Sa voix chaude et pétillante me sortit de mes réminiscences.

— Tu as raison. Va falloir la péter. Tu penses qu'un coup de coude suffira.

— Si tu veux le fracturer, pourquoi pas.

   Je pris sa remarque au sérieux et cherchai un autre moyen. Je le trouvai derrière la voiture. Une pierre de belle taille ferait l'affaire. Je commençai par de petites tapes bien gentilles qui éveillèrent un sourire en coin à Jennifer.

— On dirait que tu as peur de la briser.

— C'est du gâchis de faire ça.

   Elle m'arracha le rocher des mains et l'envoya sur la vitre qu'elle fendit en mille morceaux. Le bruit s'évapora rapidement et sans bavure. Jennifer ouvrit la porte de la voiture, retira la pierre et les autres débris avant de prendre place pour m'ouvrir l'autre portière. Une fois à l'intérieur, l'odeur qui m'accompagnait le long de ma visite guidée avec Sarah refit surface, mais fut chassée à grands coups de tête.

— Maintenant, à moi de jouer, s'enquit-elle en insérant le couteau au bas du volant.

   Elle finit par retirer une paroi en plastique qui cachait des tas de câbles. Souriant comme pouvait sourire un prisonnier qui voyait la clé de sa cage, elle fit le tri avant d'en dénuder deux d'entre eux.

— Un petit contact, dit-elle en rencontrant les deux parties dénudées. Et…

   Mais sa phrase resta en suspension et attisa une crainte profonde.

— Quoi ? Qu'y a-t-il ?

— Y a quelque chose qui ne va pas. Il devrait au moins avoir des…

   Le son d'une balle brisa le silence de la nuit. Je levai la tête pour découvrir une scène digne d'une grande comédie dramatique. Sarah se tenait devant la voiture, les cheveux caressés par les brises et son magnifique pistolet en main.
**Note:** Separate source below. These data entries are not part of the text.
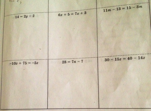 14=2y-2 -10z+75=-5z 6x+5=7x+3
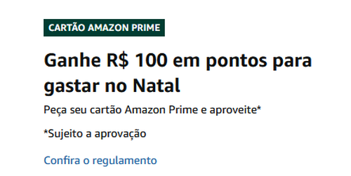 - A promoção dos cartões de crédito Amazon.com.br e Amazon Prime, válida das 00:00 do dia 09 de Dezembro de 2024 às 23:59 do dia 23 de Dezembro de 2024, beneficiará com o dobro de pontos de boas-vindas totalizando 20 pontos para clientes não-Prime e 100 pontos para clientes Prime, os clientes que solicitarem o cartão de crédito Amazon.com.br ou Amazon Prime e forem aprovados pela instituição financeira.
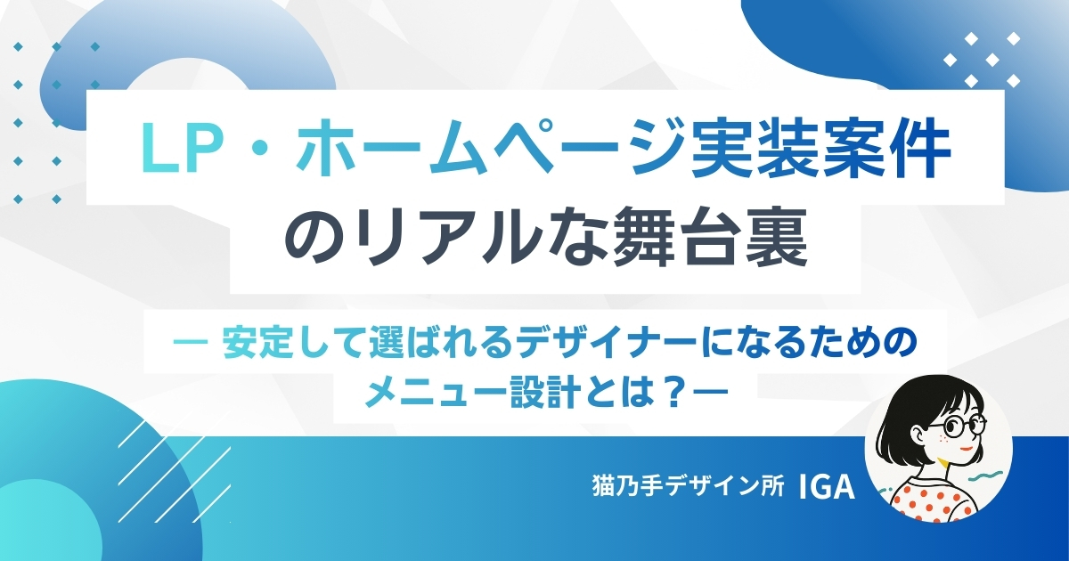 人気記事Popular Post 【実例で解説】生成AI×ICT業務|私が仕事を爆速化した超実践テクニック8選+Slack自動化 81 views 初心者Webデザイナーの集客ロードマップ 70 views 公務員が副業するために、親族で「法人化」して隠すって実際ありなの? 42 views 【完全版】デザインスクール費用が今年かかったなら、今年中に開業した方が良い理由10選 35 views 個人事業主のための「開業届」の出し方 15 views LP・ホームページ実装案件のリアルな舞台裏〜「サーバーって何?」「ドメインってどうするの?」から始まるWeb制作〜 11 views WEBデザイナーが持つべき「フロントエンド商品」と「バックエンド商品」 10 views 【保存版】Figma・STUDIO・ペライチを徹底比較|どれを選ぶべき? 9 views 最新記事News SocialDogでSNS集客する方法|フォロワー1,000人超えから一気に伸びる理由と使い方 2025.11.30 未分類 LPはSTUDIO・予約決済はWordPressでOK? 2025.11.27 ツールの使い方 初心者Webデザイナーの集客ロードマップ 2025.11.24 ポートフォリオ & 営業 ツールの使い方 フリーランスの始め方・お金の知識 ポートフォリオ & 営業 未分類 猫乃手デザイン所|IGA中小企業・個人事業主のための「応募率アップ」専門 WebデザイナーProfileはじめまして、猫乃手デザイン所のIGAです。 採用・集客に強いホームページとランディングページ制作を中心に、 お客様の魅力がしっかり届くデザインをご提案しています。 「どこから始めたらいいか分からない…」という方も大歓迎です。 まずはお気軽にご相談ください。 あなたの挑戦に、デザインで力添えします。 XFacebookInstagramLINEContact
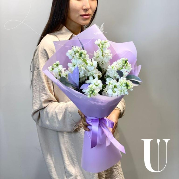 Стильный букет из тюльпанов микс и грин белл в фиолетовой упаковке
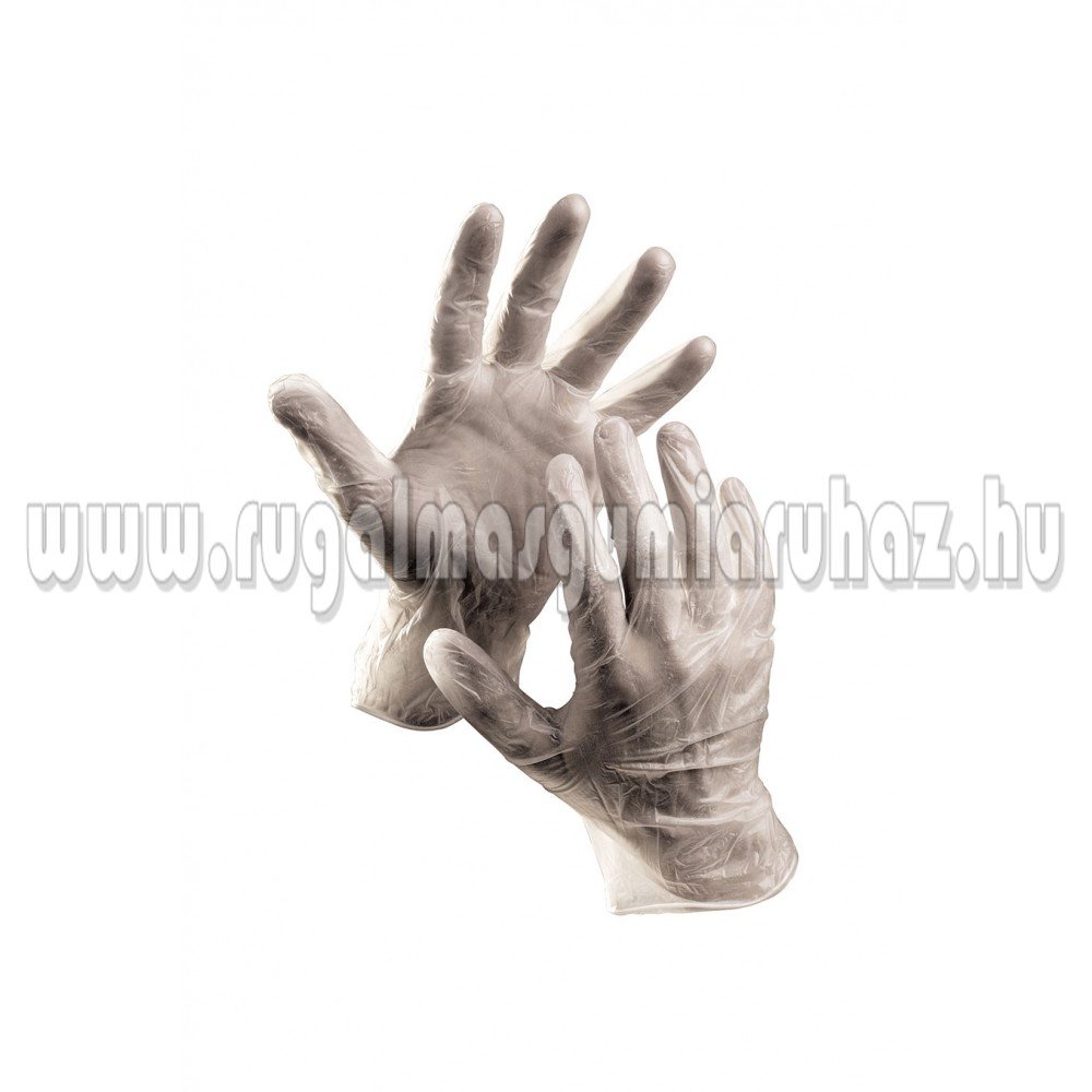 Nem zsíros élelmiszerekkel való rövid idejű érintkezésre alkalmas, egyszer használatos, púderezett vinil kesztyű. 100 db/doboz
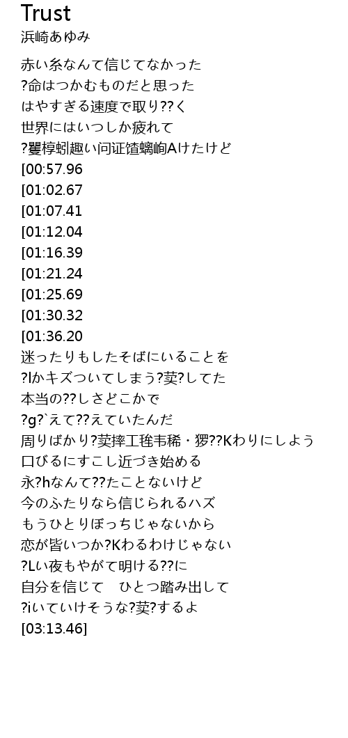 | [02:05.14] | ?lかキズついてしまう?荬?してた |
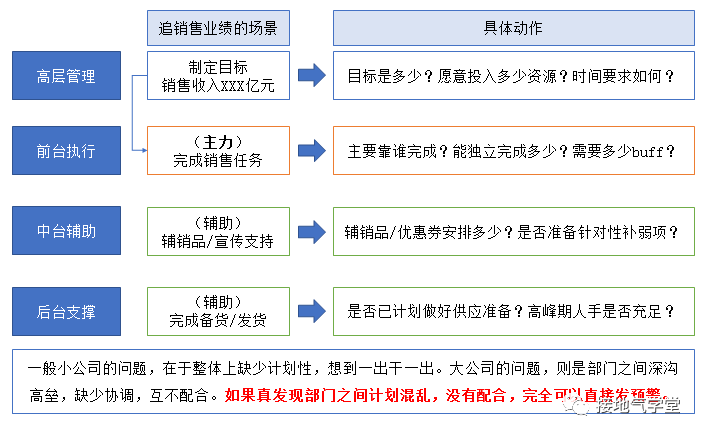 做执行阶段-作为辅助的供应链:达标率太好的情况下,是否购货充足?达标率太差的情况下,是否有积压风险?如果销售表现好,但关联的辅助部门马上面临缺货风险,此时也要及时预警!
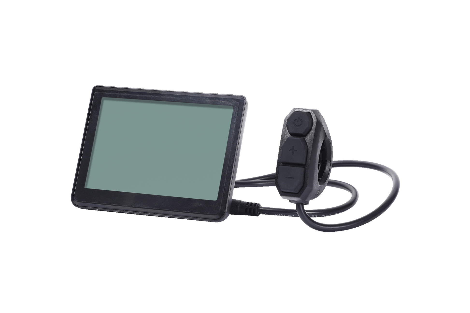 Utrustad med styrets fästklämma och anslutningskabel.
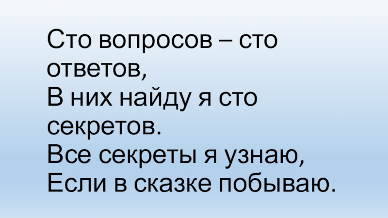 Слайд 3Сто вопросов – сто ответов, В них найду я сто секретов. Все секреты

Tout ça, dans la petite tenue dans laquelle on venait de baiser.

— Sans clé, ça passe. Mais sans clé et sans batterie, c'est une autre histoire. Précisa-t-elle en nous faisant signe de descendre de la voiture.

   J'échangeai un regard inquiet avec Jennifer qui n'avait pas l'air aussi terrifiée qu'elle le devrait. Peut-être à cause du couteau qu'elle tenait dans la main. « Non, laisse ça là, je vais m'en occuper, ne t'inquiète pas. » C'est ce que j'aurais dû dire, mais elle abandonnait déjà la voiture. Elle ne masquait même pas son arme, au contraire, elle l'affichait comme s'il pouvait rivaliser face à celle de Sarah.

— Non, mais sérieux, tu me prenais pour qui mon beau ? La pire des idiotes ?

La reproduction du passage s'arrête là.